Ribosomal proteins are among the most highly conserved proteins across all life forms. Among the 40 proteins found in various small ribosomal subunits (RPSs), 15 subunits are universally conserved across prokaryotes and eukaryotes. However, 7 subunits are only found in bacteria (bS21, bS6, bS16, bS18, bS20, bS21, and bTHX), while 17 subunits are only found in archaea and eukaryotes. Typically 22 proteins are found in bacterial small subunits and 32 in yeast, human and most likely most other eukaryotic species. Twenty-seven (out of 32) proteins of the eukaryotic small ribosomal subunit proteins are also present in archaea (no ribosomal protein is exclusively found in archaea), confirming that they are more closely related to eukaryotes than to bacteria.

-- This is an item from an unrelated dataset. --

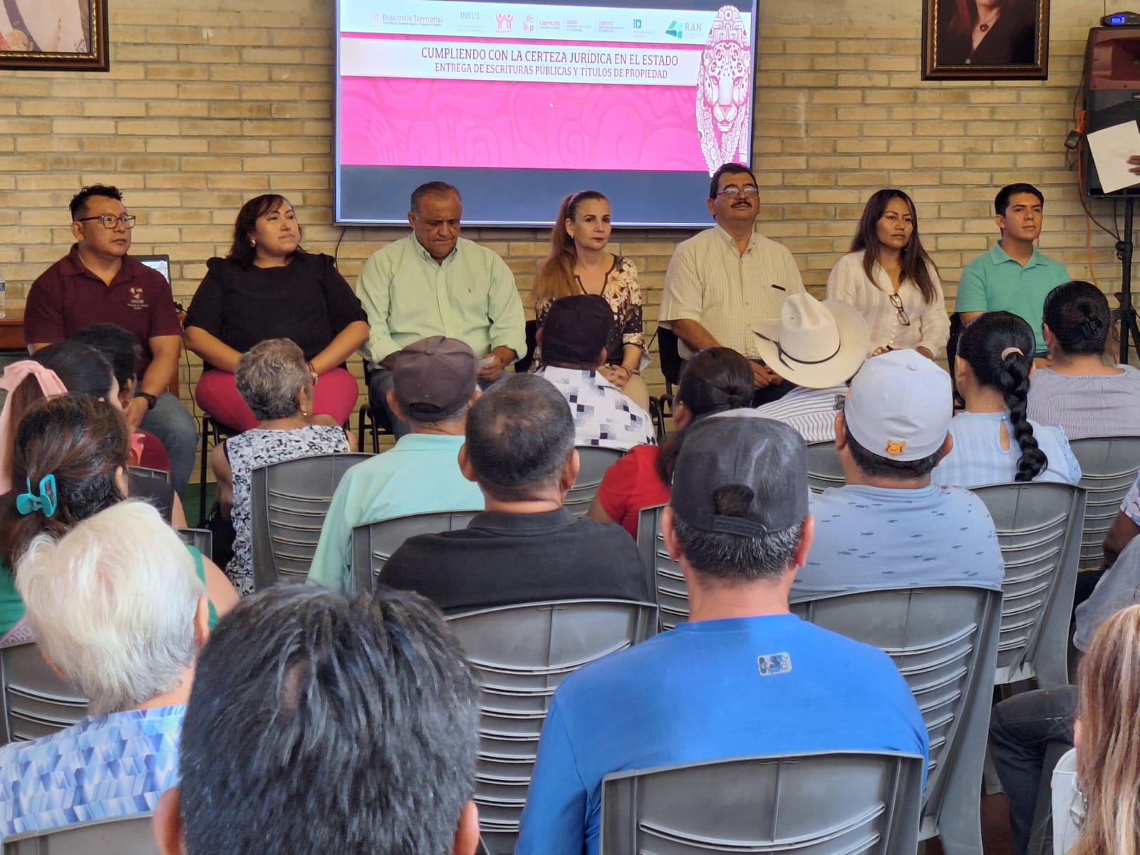 En el evento estuvieron presentes la directora general de CODESVI, Elvira de la Peña Abreu; la representante de la Procuraduría Agraria en el Estado, Margarita Plácido Rivera; el encargado de la representación del Registro Agrario Nacional, Gualberto López Martínez; y el director de Asuntos Agrarios, Martín Antonio Uicab Kuc.

Among the large ribosomal subunit (RPLs), 18 proteins are universal, i.e. found in both bacteria, eukaryotes, and archaea. 14 proteins are only found in bacteria, while 27 proteins are only found in archaea and eukaryotes. Again, archaea have no proteins unique to them.

== Essentiality ==
Despite their high conservation over billions of years of evolution, the absence of several ribosomal proteins in certain species shows that ribosomal subunits have been added and lost over the course of evolution. This is also reflected by the fact that several ribosomal proteins do not appear to be essential when deleted. For instance, in E. coli nine ribosomal proteins (uL15, bL21, uL24, bL27, uL29, uL30, bL34, uS9, and uS17) are nonessential for survival when deleted. Taken together with previous results, 22 of the 54 E. coli ribosomal protein genes can be individually deleted from the genome. Similarly, 16 ribosomal proteins (uL1, bL9, uL15, uL22, uL23, bL28, uL29, bL32, bL33.1, bL33.2, bL34, bL35, bL36, bS6, bS20, and bS21) were successfully deleted in Bacillus subtilis. In conjunction with previous reports, 22 ribosomal proteins have been shown to be nonessential in B. subtilis, at least for cell proliferation.

== Assembly ==

===In E. coli===
The ribosome of E. coli has about 22 proteins in the small subunit (labelled S1 to S22) and 33 proteins in the large subunit (somewhat counter-intuitively called L1 to L36). All of them are different with three exceptions: one protein is found in both subunits (S20 and L26), L7 and L12 are acetylated and methylated forms of the same protein, and L8 is a complex of L7/L12 and L10. In addition, L31 is known to exist in two forms, the full length at 7.9 kilodaltons (kDa) and fragmented at 7.0 kDa. This is why the number of proteins in a ribosome is of 56. Except for S1 (with a molecular weight of 61.2 kDa), the other proteins range in weight between 4.4 and 29.7 kDa.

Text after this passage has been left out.